As previously reported, a number of incoming Trump officials — and Trump himself — have been accused of sexual misconduct. Elle magazine writer E Jean Carroll was awarded more than $80 million following a defamation trial in which he was found liable for sexual abuse.

Former congressman Matt Gaetz was being investigated by both the Department of Justice and the House Ethics Committee for allegations of sexual relations with a minor before he dropped out of consideration for Trump's Attorney General.

He withdrew his nomination hours before CNN published a report about a second alleged sexual encounter with a 17-year-old girl.

Trump’s nominee for Secretary of Defense Pete Hegseth is among potential administration officials who have been accused of sexual misdonuct
Trump’s nominee for Secretary of Defense Pete Hegseth is among potential administration officials who have been accused of sexual misdonuct (Getty Images)

Elon Musk —who has been been tapped by Trump to co-lead the “Department of Government Efficiency” pseudo-agency alongside failed Republican presidential candidate Vivek Ramaswamy — has been sued by eight former SpaceX employees over sexual harassment-related allegations.

In the lawsuit, former employees allege Musk “treated women as sexual objects to be evaluated on their bra size, bombarding the workplace with lewd sexual banter.”

Trump’s proposed defense secretary, former Fox News host Pete Hegseth, was accused of sexually assaulting a staff member from the California Federation of Republican Women in 2017, and Robert F Kennedy Jr — Trump’s nominee for the Department of Health and Human Services — has been accused of sexually assaulting a former babysitter in the 1990s.

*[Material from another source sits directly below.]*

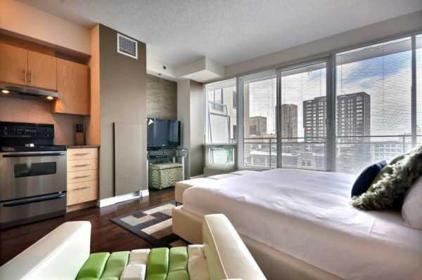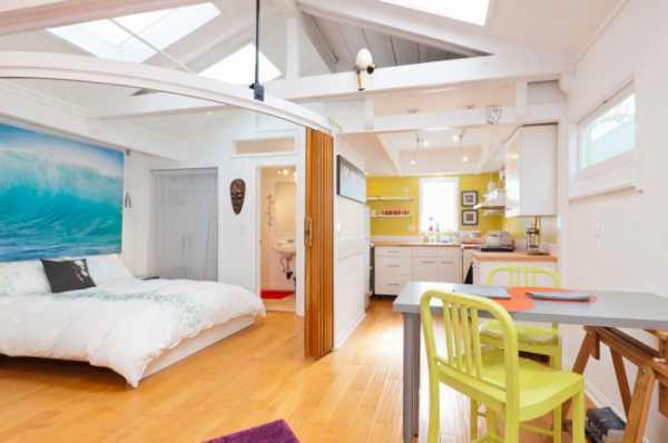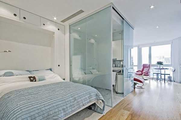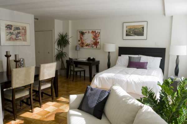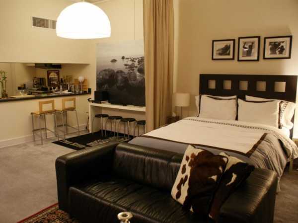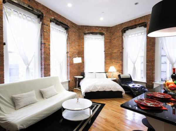 Но это пространство, однако, необходимо зонировать. чтобы сразу было понятно, где кухня, а где спальное место. Также вам нужно будет позаботиться о хорошей вытяжке, поскольку запахи с кухни будут разноситься по всей квартире. Постарайтесь сделать спальную зону как можно дальше от кухни. Так же следует поступить с рабочим столом. Не стоит перегружать студию мебелью. Лучше использовать один большой и вместительный шкаф, чем несколько маленьких. Разместить в студии полноценную кровать скорее всего не получится, поскольку размеры квартиры слишком малы. А вот диван, трансформирующийся в кровать, — отличный вариант для квартиры с небольшой площадью. Он будет выполнять функции спальной зоны и гостиной.

Linda McMahon, Trump’s proposed pick for Secretary of Education, has been named in a lawsuit alleging that her and her husband, former WWE head-honcho Vince McMahon, failed to stop an employee form sexually abusing children in the 1980s and 1990s.

Vince McMahon is also being sued for allegedly sex trafficking a woman in his employ.

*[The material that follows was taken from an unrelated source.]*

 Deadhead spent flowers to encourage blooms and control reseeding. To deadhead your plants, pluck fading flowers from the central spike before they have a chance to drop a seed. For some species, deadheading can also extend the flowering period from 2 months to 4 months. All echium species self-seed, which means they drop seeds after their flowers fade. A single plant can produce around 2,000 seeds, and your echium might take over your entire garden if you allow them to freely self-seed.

Donald Trump and Elon Musk are both acused of sexual misconduct
Donald Trump and Elon Musk are both acused of sexual misconduct (via REUTERS)

This isn’t the first time drama involving the Trump administration and D.C.-area restaurants has made headlines.

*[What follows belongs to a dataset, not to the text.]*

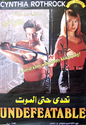 Boumbadaboum, quelques temps plus tard, là où d’autres en seraient encore aux repérages, Godfrey boucle sa contribution annuelle au côté obscur du cinéma avec Undefeatable, qu’il réalise et co-produit là encore sous le pseudo de Godfrey Hall – une volonté manifeste de favoriser son intégration – à nouveau pour les deux compagnies aux noms aussi prétentieux que vains (Filmswell International et Action Star Pictures, haha) et avec grosso modo les mêmes acteurs, aussi bien principaux (Cynthia Rothrock, John Miller, Donna Jason) que secondaires (Richard Yuen, Gerald Klein, Hang Yip Yim, Sung W. Lim etc.). Il faut voir là une preuve de l’abnégation exemplaire de Godfrey Ho qui, en reconduisant quasi intégralement l’équipe de Honor and Glory, fait l’aveu implicite mais évident que cet échec était son échec, comme un coach qui assume l’entière responsabilité pour la défaite de ses joueurs. En homme intègre, fidèle à l’image qu’il a laissé de lui à Hong Kong, Godfrey admet pudiquement ses erreurs mais ne s’avoue pas vaincu. Il sait qu’il joue gros, que ses fans l’attendent au tournant et ne toléreront pas un nouveau navet, mais Godfrey se montre confiant, tournant son regard vers l’horizon et appréhendant l’avenir avec sérénité, car il a un joker de taille. Ce joker, c’est Don Niam.

Former Trump press secretary Sarah Huckabee Sanders was kicked out of the Red Hen restaurant in Lexington, Virginia in 2018 by its co-owner, saying that she “publicly defended the president’s cruelest policies.”

Democratic Congresswoman Maxine Waters made headlines shortly after she called for supporters to confront Trump officials in public spaces like restaurants to let them know the public opposed their policies. Republicans argued at the time that Waters was encouraging public harm to administration officials.

Around the same time, protesters confronted Trump's then-Homeland Security Secretary Kristjen Nielsen while she was dining at a local Mexican restaurant and voiced their opposition to the administration's mass deportation policies.

The protesters, including members of the Metro DC Democratic Socialists of America, entered the MXDC Cocina Mexicana near the White House with signs and jeered at the official.

Van Rooy has removed her LinkedIn profile, likely to avoid harassment by angry Trump supporters.